LISTED ENTRIES:
* * * * * * * * *
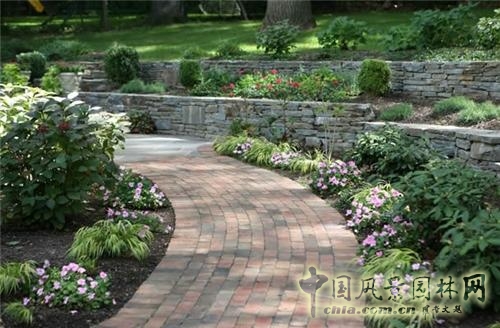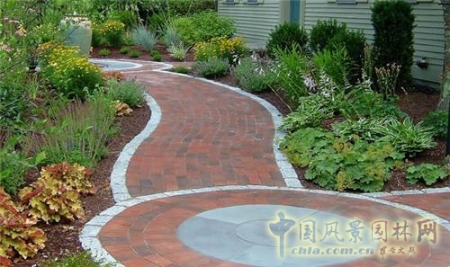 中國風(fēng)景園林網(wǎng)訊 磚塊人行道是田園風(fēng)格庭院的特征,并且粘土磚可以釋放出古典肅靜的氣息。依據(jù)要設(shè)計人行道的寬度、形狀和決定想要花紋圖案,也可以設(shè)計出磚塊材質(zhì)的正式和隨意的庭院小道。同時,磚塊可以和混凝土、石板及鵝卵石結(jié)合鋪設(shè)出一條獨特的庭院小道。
* * * * * * * * *
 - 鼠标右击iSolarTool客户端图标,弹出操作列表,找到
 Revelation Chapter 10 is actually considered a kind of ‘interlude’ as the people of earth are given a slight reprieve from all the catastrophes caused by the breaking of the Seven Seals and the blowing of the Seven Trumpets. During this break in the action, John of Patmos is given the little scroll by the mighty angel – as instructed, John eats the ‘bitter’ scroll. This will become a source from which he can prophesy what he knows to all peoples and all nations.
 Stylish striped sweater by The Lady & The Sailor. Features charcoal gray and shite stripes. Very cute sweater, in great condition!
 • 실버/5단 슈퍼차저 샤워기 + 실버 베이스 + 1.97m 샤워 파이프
* * * * * * * * *
EXERCISE OBJECTIVE:
Please output exactly the lines between the one holding "Stylish striped sweater" and the one holding "1.97m 샤워 파이프" in the records above, inclusive, and nothing more.

ANSWER TO THIS TASK:
 Stylish striped sweater by The Lady & The Sailor. Features charcoal gray and shite stripes. Very cute sweater, in great condition!
 • 실버/5단 슈퍼차저 샤워기 + 실버 베이스 + 1.97m 샤워 파이프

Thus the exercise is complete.